▶ **The task**
Once you find the line with "髪飾り 花かんざしセット ちりめん つまみ細工 成人式 卒業" in the entries below, return exactly every line from it through the line with "- ✿【Fashion Design】: Elevate".

▶ **Excerpted records**
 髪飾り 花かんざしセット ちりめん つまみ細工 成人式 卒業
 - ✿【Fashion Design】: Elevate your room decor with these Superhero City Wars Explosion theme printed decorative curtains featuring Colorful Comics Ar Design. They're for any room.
* * *
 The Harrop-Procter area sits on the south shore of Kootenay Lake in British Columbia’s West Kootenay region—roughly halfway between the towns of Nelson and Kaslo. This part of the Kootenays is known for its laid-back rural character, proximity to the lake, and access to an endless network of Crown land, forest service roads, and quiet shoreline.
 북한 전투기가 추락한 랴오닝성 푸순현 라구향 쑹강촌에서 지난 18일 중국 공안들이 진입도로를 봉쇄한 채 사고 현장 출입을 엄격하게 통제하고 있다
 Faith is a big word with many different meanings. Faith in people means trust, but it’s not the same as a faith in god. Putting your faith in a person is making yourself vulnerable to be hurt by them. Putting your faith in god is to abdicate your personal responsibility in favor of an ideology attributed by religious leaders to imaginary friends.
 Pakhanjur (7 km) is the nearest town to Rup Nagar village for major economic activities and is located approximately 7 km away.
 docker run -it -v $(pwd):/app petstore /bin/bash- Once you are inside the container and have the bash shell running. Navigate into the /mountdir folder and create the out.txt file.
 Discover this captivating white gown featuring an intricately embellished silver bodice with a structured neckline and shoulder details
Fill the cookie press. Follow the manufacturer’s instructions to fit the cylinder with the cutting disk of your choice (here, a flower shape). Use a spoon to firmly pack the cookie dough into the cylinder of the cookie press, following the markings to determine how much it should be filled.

▶ **Result of the exercise**
 髪飾り 花かんざしセット ちりめん つまみ細工 成人式 卒業
 - ✿【Fashion Design】: Elevate your room decor with these Superhero City Wars Explosion theme printed decorative curtains featuring Colorful Comics Ar Design. They're for any room.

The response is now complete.